Stored data entries:
___
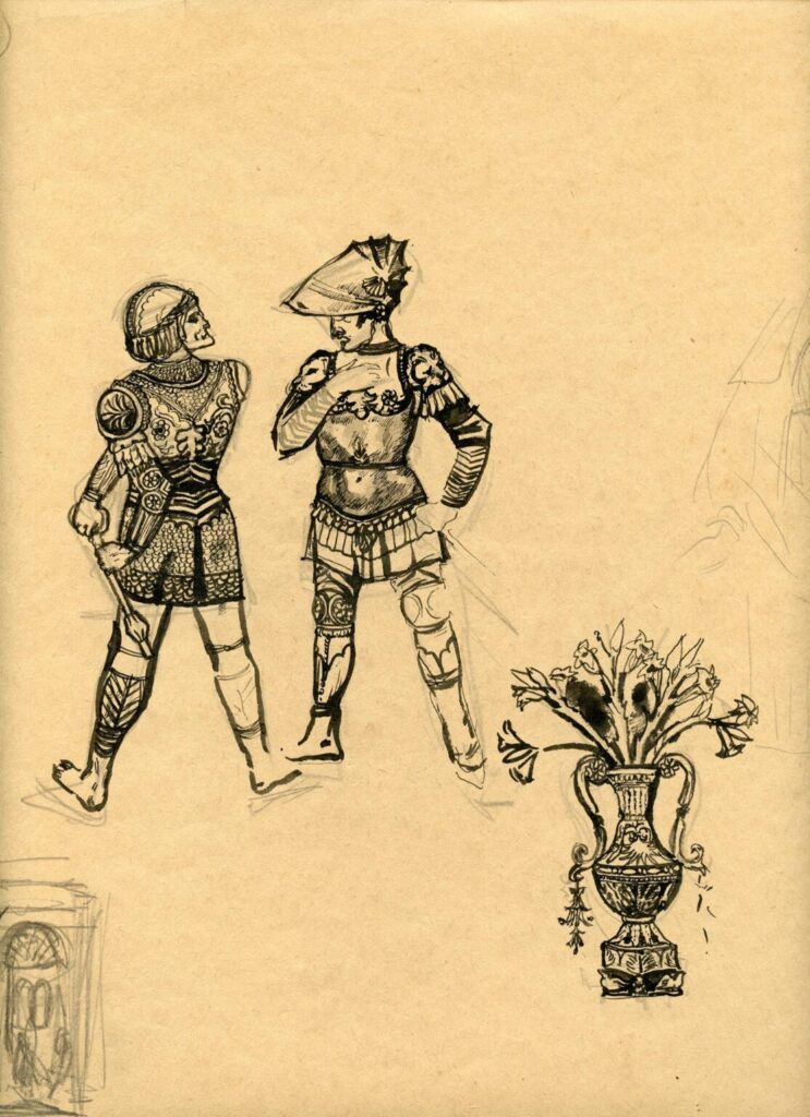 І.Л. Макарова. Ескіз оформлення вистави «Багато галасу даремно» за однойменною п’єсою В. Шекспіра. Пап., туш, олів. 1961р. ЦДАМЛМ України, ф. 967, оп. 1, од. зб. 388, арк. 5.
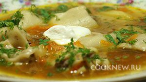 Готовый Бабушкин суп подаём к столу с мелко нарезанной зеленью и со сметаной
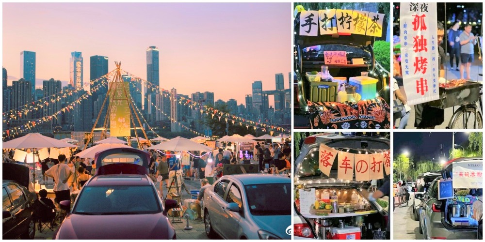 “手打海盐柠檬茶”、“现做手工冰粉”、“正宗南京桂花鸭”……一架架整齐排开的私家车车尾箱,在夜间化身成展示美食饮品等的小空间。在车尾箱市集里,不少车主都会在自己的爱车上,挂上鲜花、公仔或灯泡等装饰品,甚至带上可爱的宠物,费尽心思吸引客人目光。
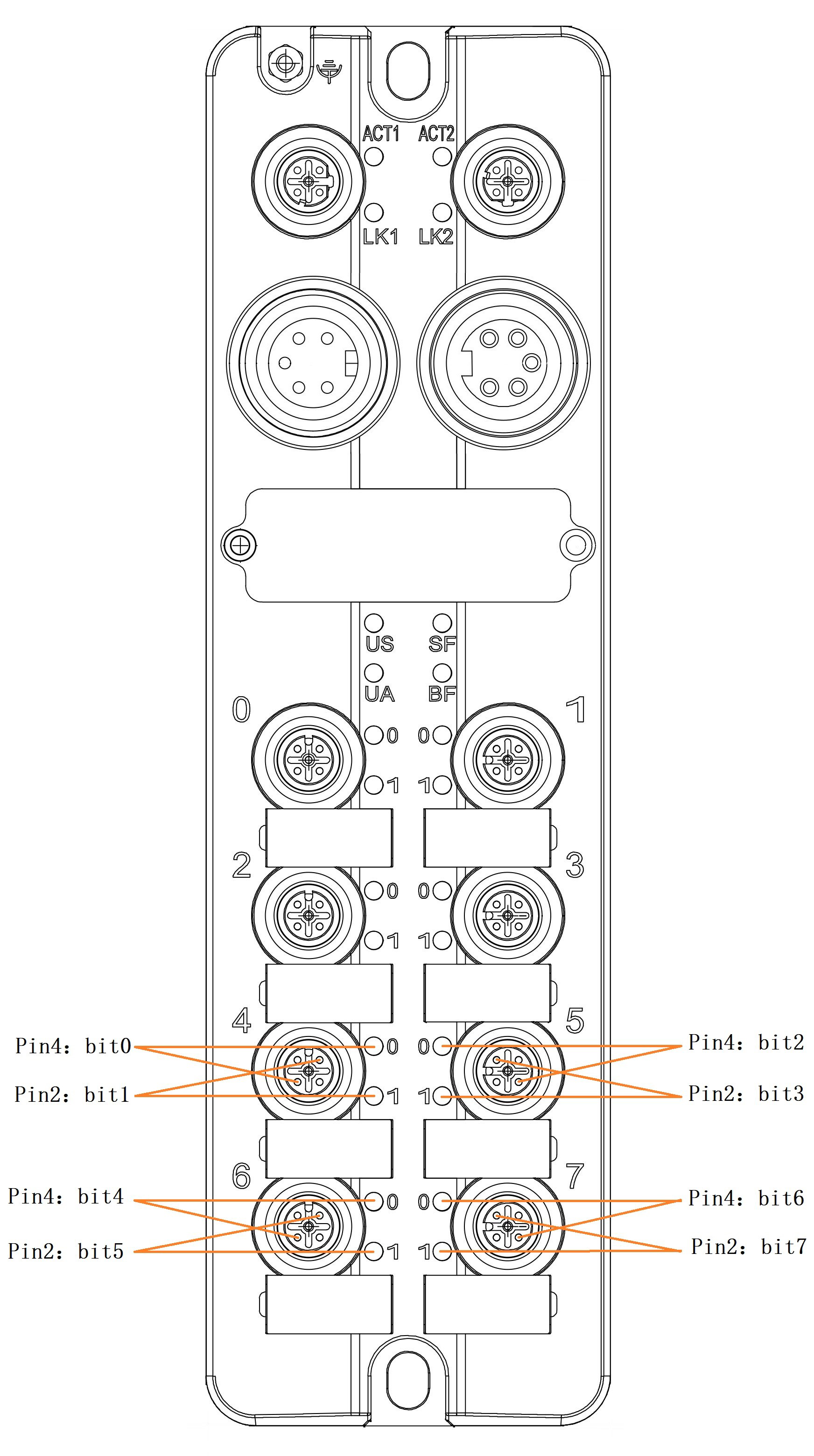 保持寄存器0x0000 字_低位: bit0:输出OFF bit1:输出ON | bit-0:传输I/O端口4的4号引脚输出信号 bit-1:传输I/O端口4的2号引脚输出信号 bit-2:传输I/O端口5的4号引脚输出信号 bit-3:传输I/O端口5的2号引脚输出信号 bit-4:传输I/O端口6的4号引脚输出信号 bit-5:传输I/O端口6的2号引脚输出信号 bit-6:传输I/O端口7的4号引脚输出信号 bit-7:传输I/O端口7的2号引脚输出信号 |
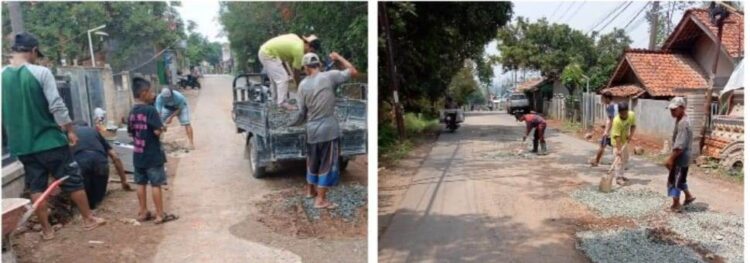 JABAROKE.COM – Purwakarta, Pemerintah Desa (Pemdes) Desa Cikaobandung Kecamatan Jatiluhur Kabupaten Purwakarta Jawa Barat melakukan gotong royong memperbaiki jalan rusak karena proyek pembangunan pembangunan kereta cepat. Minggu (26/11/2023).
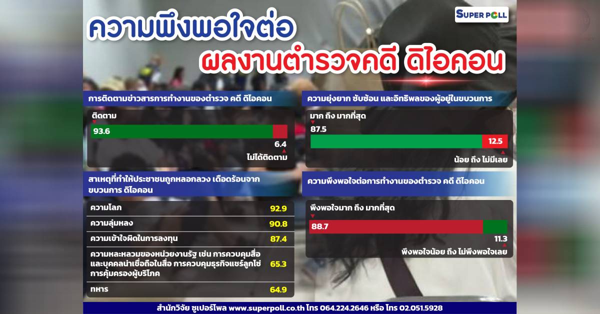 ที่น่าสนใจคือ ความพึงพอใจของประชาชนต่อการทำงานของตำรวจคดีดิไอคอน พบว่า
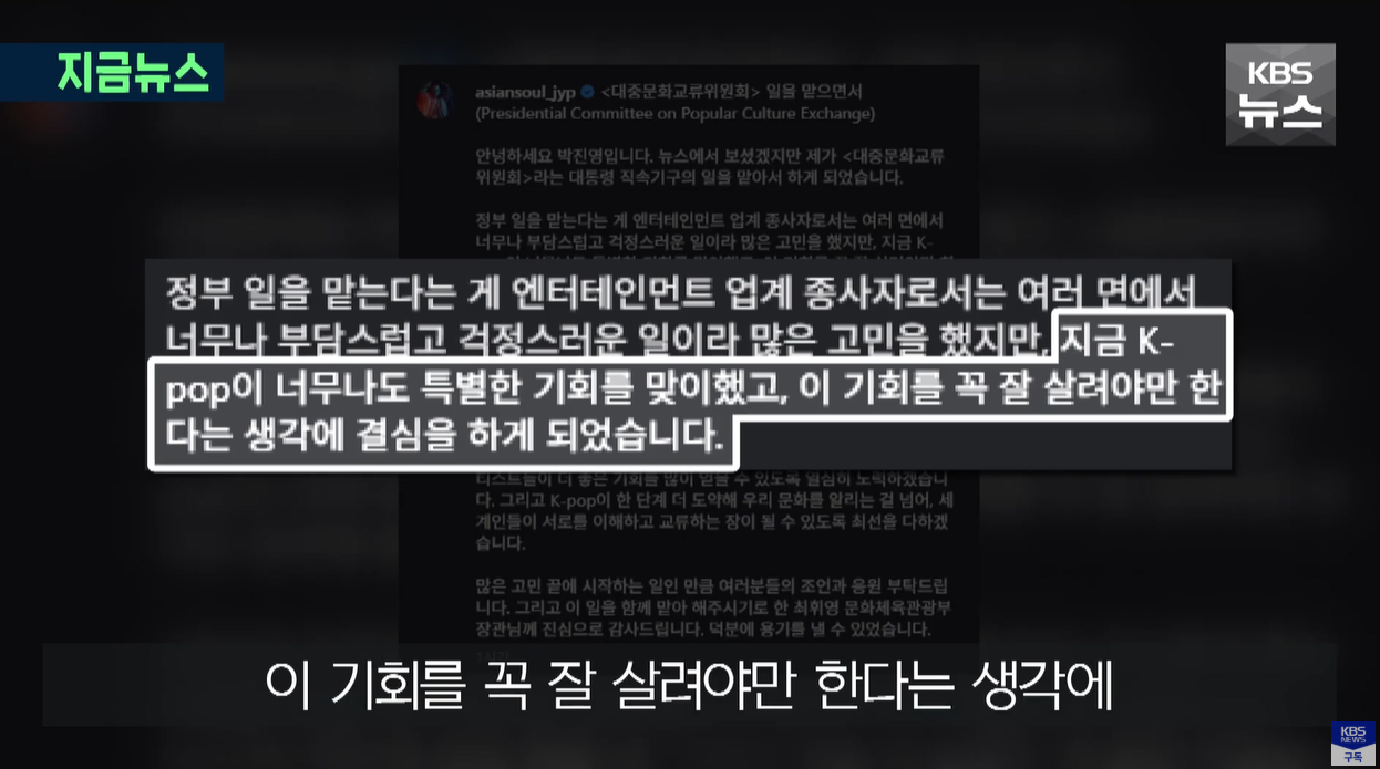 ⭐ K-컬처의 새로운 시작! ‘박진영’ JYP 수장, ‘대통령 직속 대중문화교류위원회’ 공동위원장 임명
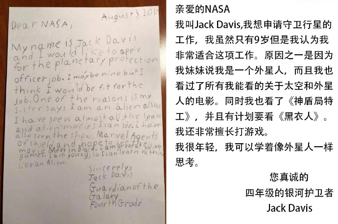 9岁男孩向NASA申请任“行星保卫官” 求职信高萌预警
___
Retype each record exactly as it appears above and drop the images.

 І.Л. Макарова. Ескіз оформлення вистави «Багато галасу даремно» за однойменною п’єсою В. Шекспіра. Пап., туш, олів. 1961р. ЦДАМЛМ України, ф. 967, оп. 1, од. зб. 388, арк. 5.
 Готовый Бабушкин суп подаём к столу с мелко нарезанной зеленью и со сметаной
 “手打海盐柠檬茶”、“现做手工冰粉”、“正宗南京桂花鸭”……一架架整齐排开的私家车车尾箱,在夜间化身成展示美食饮品等的小空间。在车尾箱市集里,不少车主都会在自己的爱车上,挂上鲜花、公仔或灯泡等装饰品,甚至带上可爱的宠物,费尽心思吸引客人目光。
 保持寄存器0x0000 字_低位: bit0:输出OFF bit1:输出ON | bit-0:传输I/O端口4的4号引脚输出信号 bit-1:传输I/O端口4的2号引脚输出信号 bit-2:传输I/O端口5的4号引脚输出信号 bit-3:传输I/O端口5的2号引脚输出信号 bit-4:传输I/O端口6的4号引脚输出信号 bit-5:传输I/O端口6的2号引脚输出信号 bit-6:传输I/O端口7的4号引脚输出信号 bit-7:传输I/O端口7的2号引脚输出信号 |
 JABAROKE.COM – Purwakarta, Pemerintah Desa (Pemdes) Desa Cikaobandung Kecamatan Jatiluhur Kabupaten Purwakarta Jawa Barat melakukan gotong royong memperbaiki jalan rusak karena proyek pembangunan pembangunan kereta cepat. Minggu (26/11/2023).
 ที่น่าสนใจคือ ความพึงพอใจของประชาชนต่อการทำงานของตำรวจคดีดิไอคอน พบว่า
 ⭐ K-컬처의 새로운 시작! ‘박진영’ JYP 수장, ‘대통령 직속 대중문화교류위원회’ 공동위원장 임명
 9岁男孩向NASA申请任“行星保卫官” 求职信高萌预警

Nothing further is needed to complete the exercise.